Output nothing except the lines from the one containing "取材時は既に多くのプレイヤー" through the final line of the data, both included, typed exactly, minus the pictures.

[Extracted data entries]
========================

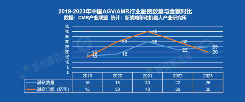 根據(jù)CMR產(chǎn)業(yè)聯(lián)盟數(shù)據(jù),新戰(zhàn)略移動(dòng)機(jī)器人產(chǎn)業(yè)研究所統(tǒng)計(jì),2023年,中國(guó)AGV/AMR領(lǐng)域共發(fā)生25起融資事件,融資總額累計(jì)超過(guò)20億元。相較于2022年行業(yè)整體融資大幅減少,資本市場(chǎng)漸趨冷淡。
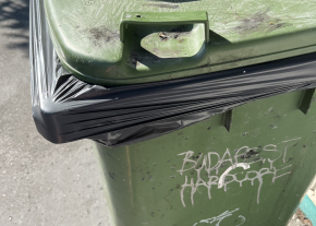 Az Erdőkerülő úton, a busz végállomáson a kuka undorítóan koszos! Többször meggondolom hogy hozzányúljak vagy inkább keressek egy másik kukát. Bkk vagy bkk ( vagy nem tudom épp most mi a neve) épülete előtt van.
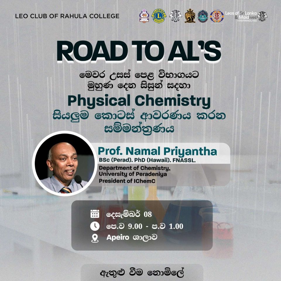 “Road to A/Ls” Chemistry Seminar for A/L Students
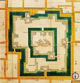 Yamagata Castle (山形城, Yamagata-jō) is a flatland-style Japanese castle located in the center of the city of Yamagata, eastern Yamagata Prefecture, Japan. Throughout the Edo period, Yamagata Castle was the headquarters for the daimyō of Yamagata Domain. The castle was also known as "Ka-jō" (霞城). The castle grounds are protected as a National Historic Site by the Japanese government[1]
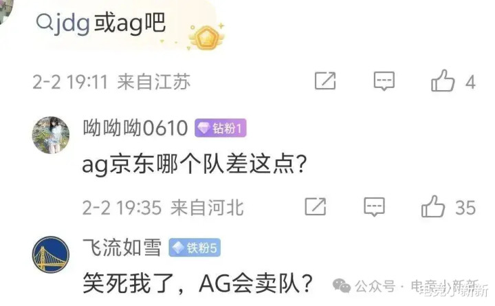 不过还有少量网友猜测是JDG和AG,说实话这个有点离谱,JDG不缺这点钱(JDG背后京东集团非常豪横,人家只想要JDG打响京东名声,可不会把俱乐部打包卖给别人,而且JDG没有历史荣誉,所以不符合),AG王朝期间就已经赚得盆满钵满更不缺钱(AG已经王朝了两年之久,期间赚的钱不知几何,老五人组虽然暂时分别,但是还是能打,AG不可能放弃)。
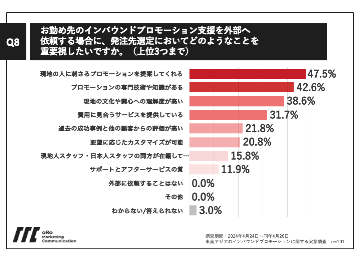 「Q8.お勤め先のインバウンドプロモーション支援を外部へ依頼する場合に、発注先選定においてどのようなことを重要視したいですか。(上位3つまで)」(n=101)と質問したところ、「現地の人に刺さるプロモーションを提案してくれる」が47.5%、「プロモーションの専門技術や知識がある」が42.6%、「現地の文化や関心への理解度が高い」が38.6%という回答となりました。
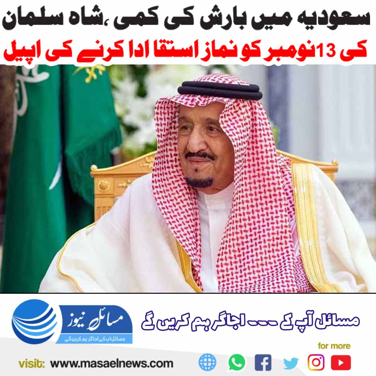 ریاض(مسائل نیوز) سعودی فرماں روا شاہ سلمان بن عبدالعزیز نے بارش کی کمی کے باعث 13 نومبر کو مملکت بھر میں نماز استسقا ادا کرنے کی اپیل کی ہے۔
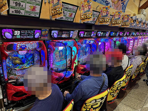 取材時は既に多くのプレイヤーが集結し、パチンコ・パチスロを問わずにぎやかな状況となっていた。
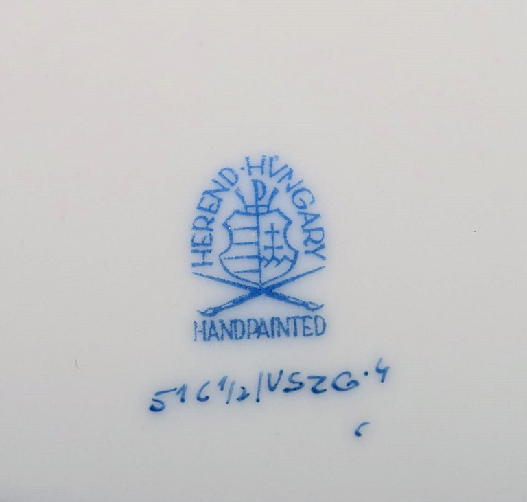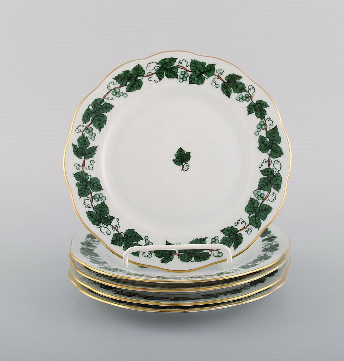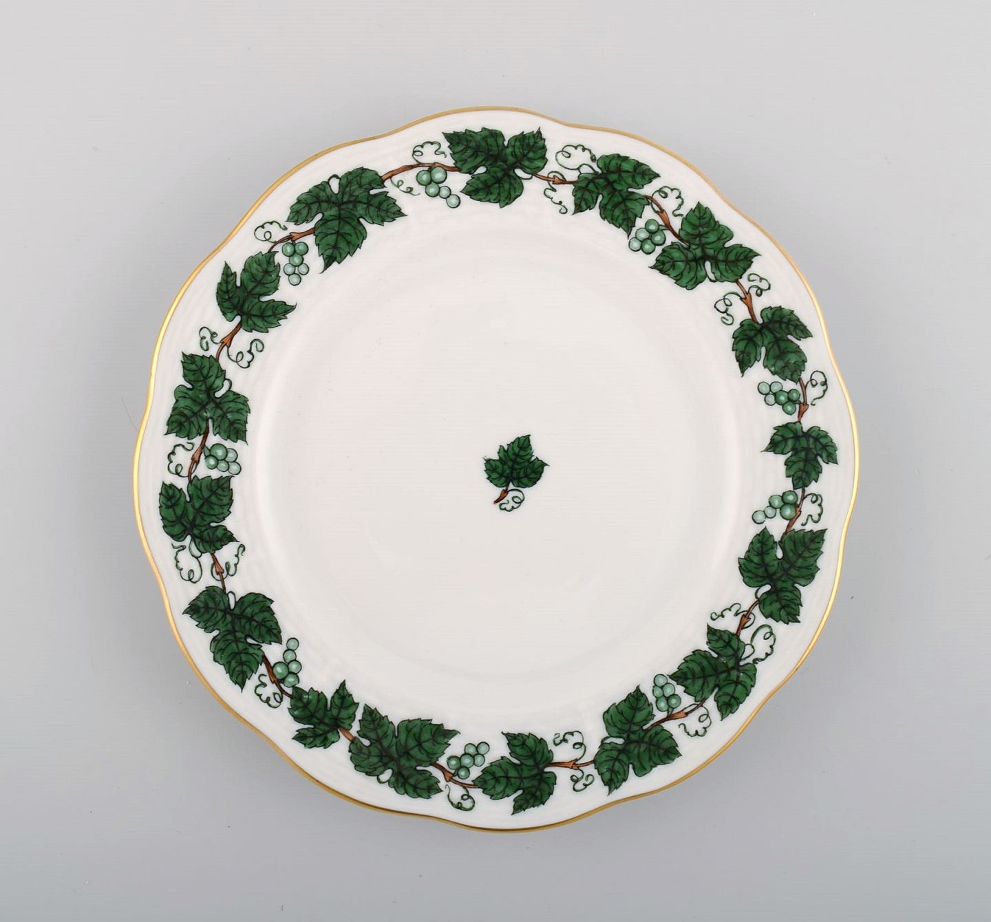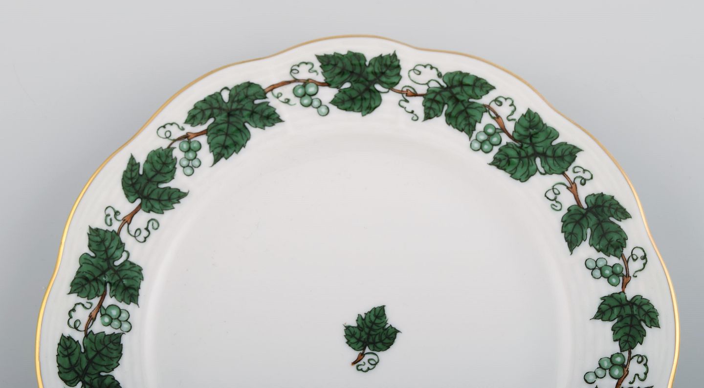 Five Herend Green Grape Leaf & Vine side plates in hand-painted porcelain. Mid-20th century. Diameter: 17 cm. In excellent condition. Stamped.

========================

**RESULT FOR THIS TASK**:
 取材時は既に多くのプレイヤーが集結し、パチンコ・パチスロを問わずにぎやかな状況となっていた。
 Five Herend Green Grape Leaf & Vine side plates in hand-painted porcelain. Mid-20th century. Diameter: 17 cm. In excellent condition. Stamped.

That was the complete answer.